Rna multisample

Processing unimodal multi-sample RNA transcriptomics data.

Info

ID: rna_multisample
Namespace: workflows/rna

Example commands

You can run the pipeline using nextflow run.

View help

You can use --help as a parameter to get an overview of the possible parameters.

nextflow run openpipelines-bio/openpipeline \
  -r 2.1.0 -latest \
  -main-script target/nextflow/workflows/rna/rna_multisample/main.nf \
  --help

Run command

Example of params.yaml
# Inputs
id: # please fill in - example: "concatenated"
input: # please fill in - example: "dataset.h5mu"
modality: "rna"
# layer: "foo"

# Output
# output: "$id.$key.output.h5mu"

# Filtering highly variable features
highly_variable_features_var_output: "filter_with_hvg"
highly_variable_features_obs_batch_key: "sample_id"
highly_variable_features_flavor: "seurat"
# highly_variable_features_n_top_features: 123

# QC metrics calculation options
var_qc_metrics: ["filter_with_hvg"]
top_n_vars: [50, 100, 200, 500]
output_obs_num_nonzero_vars: "num_nonzero_vars"
output_obs_total_counts_vars: "total_counts"
output_var_num_nonzero_obs: "num_nonzero_obs"
output_var_total_counts_obs: "total_counts"
output_var_obs_mean: "obs_mean"
output_var_pct_dropout: "pct_dropout"

# RNA Scaling options
enable_scaling: false
scaling_output_layer: "scaled"
# scaling_max_value: 123.0
scaling_zero_center: true

# Nextflow input-output arguments
publish_dir: # please fill in - example: "output/"
# param_list: "my_params.yaml"

# Arguments
nextflow run openpipelines-bio/openpipeline \
  -r 2.1.0 -latest \
  -profile docker \
  -main-script target/nextflow/workflows/rna/rna_multisample/main.nf \
  -params-file params.yaml
Note

Replace -profile docker with -profile podman or -profile singularity depending on the desired backend.

Argument groups

Inputs

Name Description Attributes
--id ID of the concatenated file string, required, example: "concatenated"
--input Path to the samples. file, required, example: "dataset.h5mu"
--modality Modality to process. string, default: "rna"
--layer Input layer to use.
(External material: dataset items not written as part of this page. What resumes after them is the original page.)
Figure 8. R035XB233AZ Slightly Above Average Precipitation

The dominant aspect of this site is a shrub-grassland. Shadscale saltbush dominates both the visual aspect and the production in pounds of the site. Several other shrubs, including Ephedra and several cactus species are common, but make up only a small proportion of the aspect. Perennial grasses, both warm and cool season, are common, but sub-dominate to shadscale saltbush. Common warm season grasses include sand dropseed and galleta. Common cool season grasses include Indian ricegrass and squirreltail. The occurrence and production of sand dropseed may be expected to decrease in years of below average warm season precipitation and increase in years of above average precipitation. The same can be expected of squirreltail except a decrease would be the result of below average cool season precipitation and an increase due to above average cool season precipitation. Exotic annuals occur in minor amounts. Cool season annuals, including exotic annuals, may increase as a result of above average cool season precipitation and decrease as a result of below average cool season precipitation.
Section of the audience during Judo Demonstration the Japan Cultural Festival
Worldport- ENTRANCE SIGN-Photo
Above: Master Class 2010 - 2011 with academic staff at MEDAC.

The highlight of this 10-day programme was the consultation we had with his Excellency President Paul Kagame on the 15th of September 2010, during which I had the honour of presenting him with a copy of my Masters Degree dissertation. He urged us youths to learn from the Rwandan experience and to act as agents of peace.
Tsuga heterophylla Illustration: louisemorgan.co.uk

If not specified, .X is used. string

Output

Name Description Attributes
--output Destination path to the output. file, required, example: "output.h5mu"
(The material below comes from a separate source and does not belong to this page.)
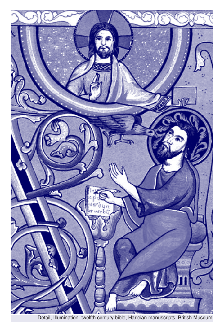
The life-tableau of Christ Jesus was given to humanity—first to the Apostles and Evangelists, the "eye-witnesses and ministers of the word," and the Initiates. Since then it has been the common karmic property of mankind; it is the unwritten "fifth Gospel" which may be read in the aura of the Earth.

But Christ Jesus at His death renounced the vision of the tableau; He gave it up to humanity, and it became the content of what the disciples later "remembered" in the light of the Pentecost-flame. It was also that which the Evangelists contemplated from different points of view, the vision from which they wrote their records. The normal life-tableau is given over to the Gods, the Angels,

Filtering highly variable features

Name Description Attributes
--highly_variable_features_var_output In which .var slot to store a boolean array corresponding to the highly variable features. string, default: "filter_with_hvg"
--highly_variable_features_obs_batch_key If specified, highly-variable features are selected within each batch separately and merged. This simple process avoids the selection of batch-specific features and acts as a lightweight batch correction method. For all flavors, featues are first sorted by how many batches they are highly variable. For dispersion-based flavors ties are broken by normalized dispersion. If flavor = ‘seurat_v3’, ties are broken by the median (across batches) rank based on within-batch normalized variance. string, default: "sample_id"
--highly_variable_features_flavor Choose the flavor for identifying highly variable features. For the dispersion based methods in their default workflows, Seurat passes the cutoffs whereas Cell Ranger passes n_top_features. string, default: "seurat"
--highly_variable_features_n_top_features Number of highly-variable features to keep. Mandatory if filter_with_hvg_flavor is set to ‘seurat_v3’. integer

QC metrics calculation options

Name Description Attributes
--var_qc_metrics Keys to select a boolean (containing only True or False) column from .var. For each cell, calculate the proportion of total values for genes which are labeled ‘True’, compared to the total sum of the values for all genes. List of string, default: "filter_with_hvg", example: "ercc,highly_variable", multiple_sep: ","
--top_n_vars Number of top vars to be used to calculate cumulative proportions. If not specified, proportions are not calculated. --top_n_vars 20,50 finds cumulative proportion to the 20th and 50th most expressed vars. List of integer, default: 50, 100, 200, 500, multiple_sep: ","
--output_obs_num_nonzero_vars Name of column in .obs describing, for each observation, the number of stored values (including explicit zeroes). In other words, the name of the column that counts for each row the number of columns that contain data. string, default: "num_nonzero_vars"
--output_obs_total_counts_vars Name of the column for .obs describing, for each observation (row), the sum of the stored values in the columns. string, default: "total_counts"
--output_var_num_nonzero_obs Name of column describing, for each feature, the number of stored values (including explicit zeroes). In other words, the name of the column that counts for each column the number of rows that contain data. string, default: "num_nonzero_obs"
--output_var_total_counts_obs Name of the column in .var describing, for each feature (column), the sum of the stored values in the rows. string, default: "total_counts"
--output_var_obs_mean Name of the column in .obs providing the mean of the values in each row. string, default: "obs_mean"
--output_var_pct_dropout Name of the column in .obs providing for each feature the percentage of observations the feature does not appear on (i.e. is missing). Same as --num_nonzero_obs but percentage based. string, default: "pct_dropout"

RNA Scaling options

Options for enabling scaling of the log-normalized data to unit variance and zero mean. The scaled data will be output a different layer and representation with reduced dimensions will be created and stored in addition to the non-scaled data.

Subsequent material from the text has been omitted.